Мыларщикова привели в просторную избу. За столом восседал усатый солдат с нахальными глазами. Окинул пленника насмешливым взглядом. Башкиры молча замерли у двери.
— Садись, на чем стоишь, — усмехнулся солдат.
— Развяжите мне руки, — попросил Михаил Иванович.
— Ты ко мне, что ли? — спросил солдат, вынимая кисет.
— Ежели ты не бандит, то к тебе.
— Нно-нно! — вскочил солдат. — За такие слова я тебя мигом в Могилевскую губернию отправлю! Без пересадки!
— Отправишь, — скривился Мыларщиков и, ногой придвинув табуретку, сел. Усатый свернул цигарку и, прикурив, тоже сел. В окно заглянула чернобровая молодка и спросила:
— Захар, ты Никишку не видел?
— Могу за него!
— Нужен ты мне, мухортый! — дернула плечом молодка и исчезла.

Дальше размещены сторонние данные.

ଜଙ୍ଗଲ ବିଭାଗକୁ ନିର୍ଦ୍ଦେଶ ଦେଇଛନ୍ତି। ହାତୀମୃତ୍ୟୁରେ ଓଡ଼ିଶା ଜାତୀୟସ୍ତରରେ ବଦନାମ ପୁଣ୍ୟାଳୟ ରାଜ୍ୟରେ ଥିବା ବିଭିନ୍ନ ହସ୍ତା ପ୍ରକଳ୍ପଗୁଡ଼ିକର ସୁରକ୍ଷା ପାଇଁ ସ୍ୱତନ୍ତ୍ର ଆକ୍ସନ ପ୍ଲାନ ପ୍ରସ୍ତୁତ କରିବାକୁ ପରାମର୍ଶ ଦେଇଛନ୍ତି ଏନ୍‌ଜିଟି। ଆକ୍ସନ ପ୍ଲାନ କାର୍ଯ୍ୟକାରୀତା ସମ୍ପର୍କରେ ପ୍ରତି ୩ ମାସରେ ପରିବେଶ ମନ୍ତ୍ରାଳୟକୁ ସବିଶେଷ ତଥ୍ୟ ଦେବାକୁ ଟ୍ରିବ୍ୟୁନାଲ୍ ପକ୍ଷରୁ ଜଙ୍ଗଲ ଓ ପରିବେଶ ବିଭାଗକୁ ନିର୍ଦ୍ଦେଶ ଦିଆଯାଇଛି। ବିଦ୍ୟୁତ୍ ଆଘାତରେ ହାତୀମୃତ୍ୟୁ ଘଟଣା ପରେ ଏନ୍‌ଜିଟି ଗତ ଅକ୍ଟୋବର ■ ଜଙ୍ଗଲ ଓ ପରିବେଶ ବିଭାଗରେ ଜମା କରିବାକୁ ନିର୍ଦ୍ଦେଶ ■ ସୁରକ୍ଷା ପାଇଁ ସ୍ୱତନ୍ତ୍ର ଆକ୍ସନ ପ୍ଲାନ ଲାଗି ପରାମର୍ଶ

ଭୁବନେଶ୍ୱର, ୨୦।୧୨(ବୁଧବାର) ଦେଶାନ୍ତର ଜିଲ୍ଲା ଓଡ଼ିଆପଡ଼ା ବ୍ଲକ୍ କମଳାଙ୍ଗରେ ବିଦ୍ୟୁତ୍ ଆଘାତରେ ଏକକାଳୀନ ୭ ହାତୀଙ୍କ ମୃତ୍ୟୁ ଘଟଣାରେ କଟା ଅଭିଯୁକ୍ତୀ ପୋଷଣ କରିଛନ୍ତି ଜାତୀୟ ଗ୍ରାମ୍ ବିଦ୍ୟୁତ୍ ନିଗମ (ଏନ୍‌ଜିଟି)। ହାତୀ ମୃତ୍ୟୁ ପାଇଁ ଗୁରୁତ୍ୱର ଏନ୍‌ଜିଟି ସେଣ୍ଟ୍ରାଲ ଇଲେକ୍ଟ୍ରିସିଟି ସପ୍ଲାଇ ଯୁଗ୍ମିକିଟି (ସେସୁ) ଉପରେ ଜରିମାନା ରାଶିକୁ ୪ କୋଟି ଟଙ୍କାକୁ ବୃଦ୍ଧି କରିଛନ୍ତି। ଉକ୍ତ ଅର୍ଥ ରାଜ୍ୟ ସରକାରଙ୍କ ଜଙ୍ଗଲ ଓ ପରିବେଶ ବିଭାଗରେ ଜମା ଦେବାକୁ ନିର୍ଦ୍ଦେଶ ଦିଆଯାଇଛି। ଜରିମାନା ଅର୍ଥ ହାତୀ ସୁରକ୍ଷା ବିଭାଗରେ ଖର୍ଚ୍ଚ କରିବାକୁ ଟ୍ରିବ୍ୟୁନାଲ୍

Захар качнул головой, не тая улыбку, и сказал для самого себя:
— Ах ты, бархотка болотная!
В сенках послышались тяжелые шаги, дверь распахнулась, и в избу ввалился крупный мужчина в офицерском кителе, в синих галифе. Чуб вывалился из-под козырька фуражки. Вид бравый. В руках нагайка. Похлопывает ею по голенищу. Башкиры вытянулись в струнку. Захар вскочил, пряча за спиной цигарку.
— Здорово, Захар!
— Здравия желаю, товарищ командир!
У Мыларщикова заплыл левый глаз, ему легче было смотреть, если щурил правый. Так и взглянул на вошедшего вприщур. Удивился: гляди-ко, даже — товарищ командир! Неужто это все-таки Жерехов?
Командир остановился возле Мыларщикова, покачался на носках, спросил:
— Кто таков?
Мыларщикова захлестнула дикая ярость. Он резко поднялся с табуретки, чуть не упал и выдохнул:
— Ты сам кто таков? Кто ты таков, чтоб держать меня в амбаре со связанными руками?! Кулачье отродье!
У чубатого медленно налилось кровью лицо, шея пошла красными пятнами. Башкиры сделали шаг вперед, готовые на все. А в нахальных глазах Захара застыла усмешка — то ли ему было любопытно, как поведет себя командир, то ли усмехался над безысходной долей пленника.
— Развязать! — коротко приказал чубатый и с силой ударил нагайкой по голенищу. Захар перочинным ножиком перерезал путы.
Михаил Иванович некоторое время держал руки перед глазами — пальцы синие, тугие надавы на запястьях. Потом тихонечко потер ладонь о ладонь — в себя приходил. А ноющая боль в плечах не исчезала.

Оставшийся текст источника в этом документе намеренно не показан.